Reasons for modifying the NFS credential cache time-to-live

Contributors

ONTAP uses a credential cache to store information needed for user authentication for NFS export access to provide faster access and improve performance. You can configure how long information is stored in the credential cache to customize it for your environment.

There are several scenarios when modifying the NFS credential cache time-to-live (TTL) can help resolve issues. You should understand what these scenarios are as well as the consequences of making these modifications.

Reasons

Consider changing the default TTL under the following circumstances:

Issue Remedial action

The name servers in your environment are experiencing performance degradation due to a high load of requests from ONTAP.

Increase the TTL for cached positive and negative credentials to reduce the number of requests from ONTAP to name servers.

The name server administrator made changes to allow access to NFS users that were previously denied.
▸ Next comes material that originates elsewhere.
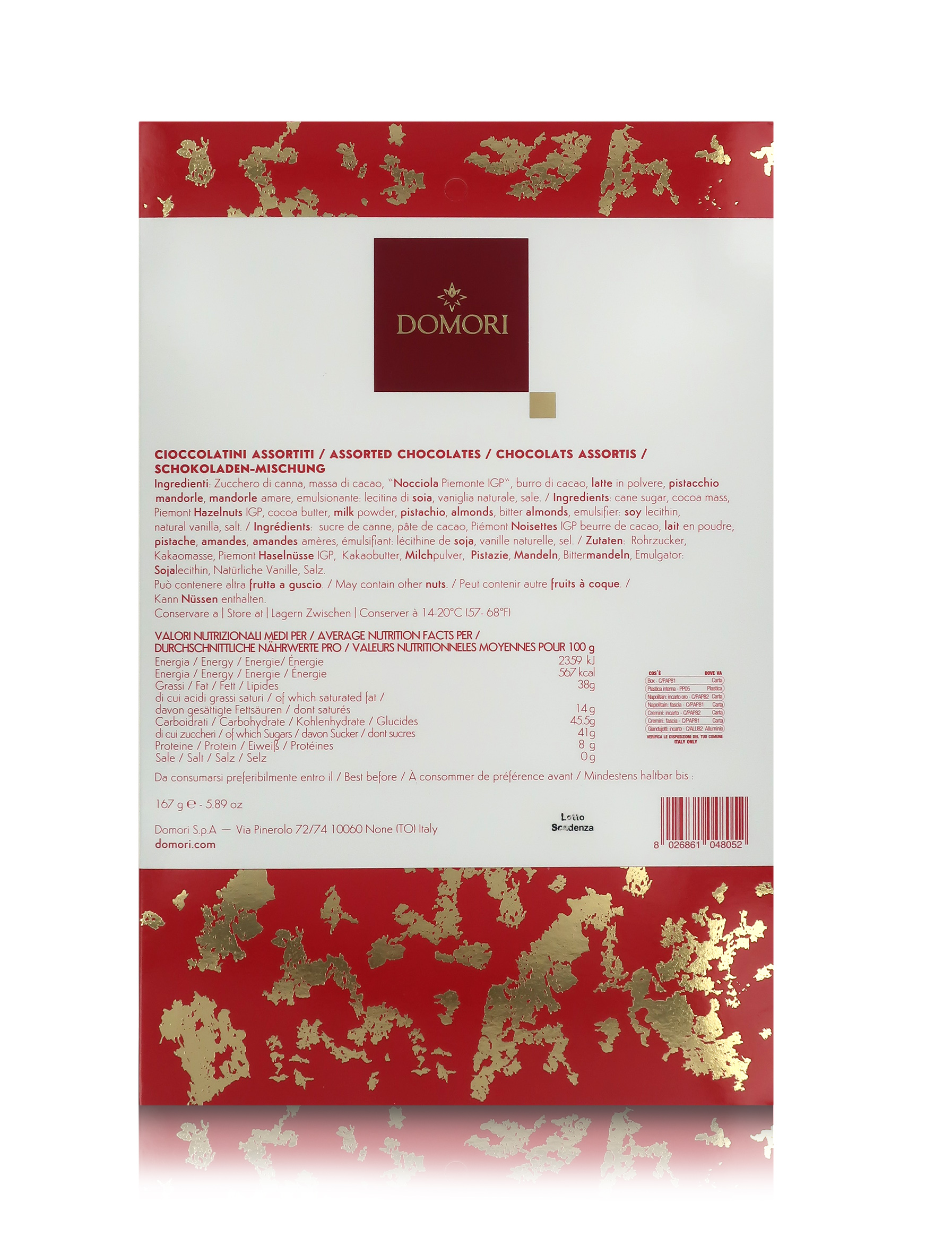 Ingredienti: Zucchero di canna, massa di cacao, “NOCCIOLA Piemonte IGP”, burro di cacao, LATTE in polvere, PISTACCHIO, MANDORLE, MANDORLE amare, emulsionante: lecitina di SOIA, vaniglia naturale, sale. Può contenere altra FRUTTA A GUSCIO.

Decrease the TTL for cached negative credentials to reduce the time NFS users have to wait for ONTAP to request fresh credentials from external name servers so they can get access.

The name server administrator made changes to deny access to NFS users that were previously allowed.

Reduce the TTL for cached positive credentials to reduce the time before ONTAP requests fresh credentials from external name servers so the NFS users are now denied access.

Consequences

You can modify the length of time individually for caching positive and negative credentials. However, you should be aware of both the advantages and disadvantages of doing so.

If you…​ The advantage is…​ The disadvantage is…​

Increase the positive credential cache time

ONTAP sends requests for credentials to name servers less frequently, reducing the load on name servers.

It takes longer to deny access to NFS users that previously were allowed access but are not anymore.

Decrease the positive credential cache time

It takes less time to deny access to NFS users that previously were allowed access but are not anymore.

ONTAP sends requests for credentials to name servers more frequently, increasing the load on name servers.

Increase the negative credential cache time

ONTAP sends requests for credentials to name servers less frequently, reducing the load on name servers.

It takes longer to grant access to NFS users that previously were not allowed access but are now.

Decrease the negative credential cache time

It takes less time to grant access to NFS users that previously were not allowed access but are now.

ONTAP sends requests for credentials to name servers more frequently, increasing the load on name servers.